An exact transcription of the listing, without its images, is what the answer must contain.
== Supplied material
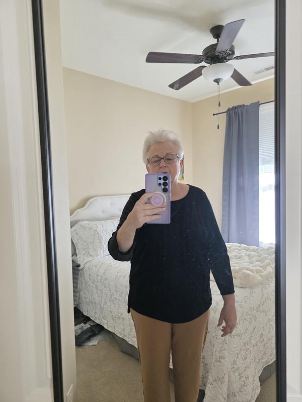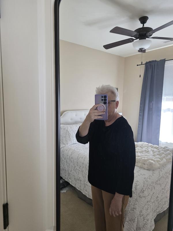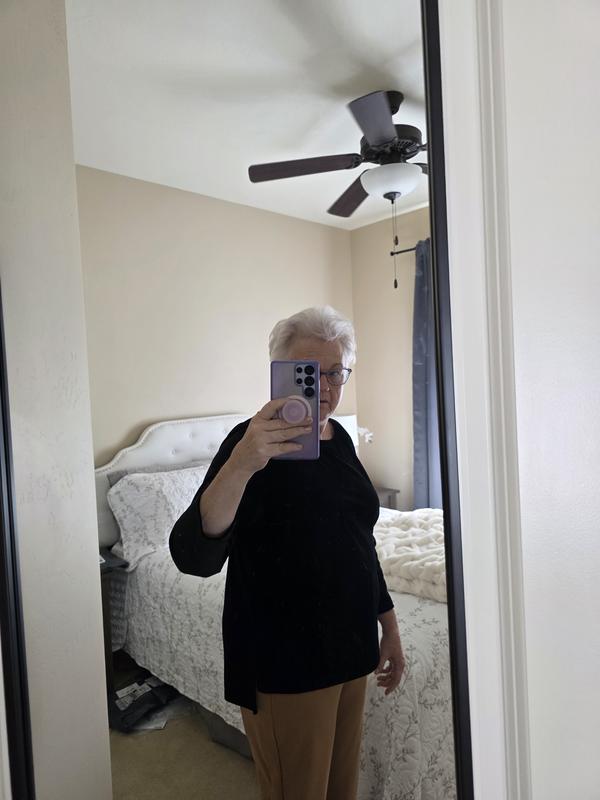 I love that I can dress up or go casual with this velvet top. It does have an odor to it, which I hope will resolve after washing. More colors please (purple, teal, etc.).
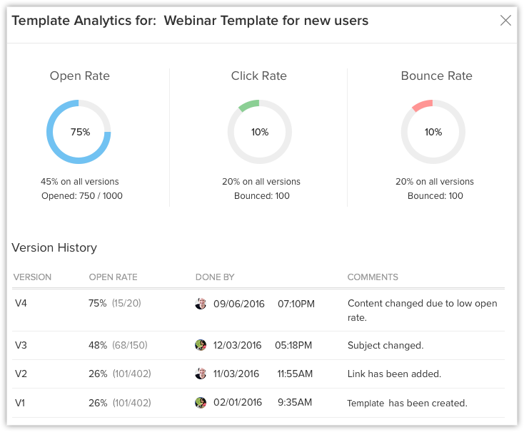 - Version: The Version tab gives you a list of when a template was modified and by whom. Click on it to view a summary of the template with details such as different versions, open rate, click rate, when it was done and by whom.
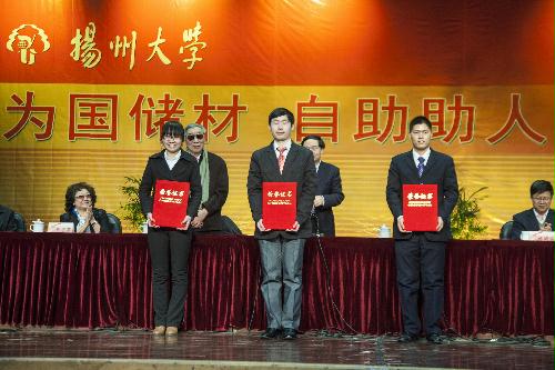 3月25日下午,学校在荷花池校区大学生活动中心小剧场隆重召开2011-2012学年朱敬文奖助学金颁奖大会。朱敬文先生的大女婿蒋宁熙先生,三女儿朱惠英女士、三女婿曾卓章先生,四女儿朱文英女士,五女儿朱馥英女士、五女婿陈冠煌先生,长孙朱承德先生,香港朱敬文教育基金会大陆总代表、原苏州大学校长陈克潜教授夫妇,苏州大学凤凰传媒学院党委书记赵阳,我校朱敬文奖助学金评委会主任、校长焦新安出席会议。校党委副书记、副校长芮鸿岩宣读获得朱敬文奖、助学金名单。学生处赵晓兰副处长主持会议。
====
_Result for this task_:
 I love that I can dress up or go casual with this velvet top. It does have an odor to it, which I hope will resolve after washing. More colors please (purple, teal, etc.).
 - Version: The Version tab gives you a list of when a template was modified and by whom. Click on it to view a summary of the template with details such as different versions, open rate, click rate, when it was done and by whom.
 3月25日下午,学校在荷花池校区大学生活动中心小剧场隆重召开2011-2012学年朱敬文奖助学金颁奖大会。朱敬文先生的大女婿蒋宁熙先生,三女儿朱惠英女士、三女婿曾卓章先生,四女儿朱文英女士,五女儿朱馥英女士、五女婿陈冠煌先生,长孙朱承德先生,香港朱敬文教育基金会大陆总代表、原苏州大学校长陈克潜教授夫妇,苏州大学凤凰传媒学院党委书记赵阳,我校朱敬文奖助学金评委会主任、校长焦新安出席会议。校党委副书记、副校长芮鸿岩宣读获得朱敬文奖、助学金名单。学生处赵晓兰副处长主持会议。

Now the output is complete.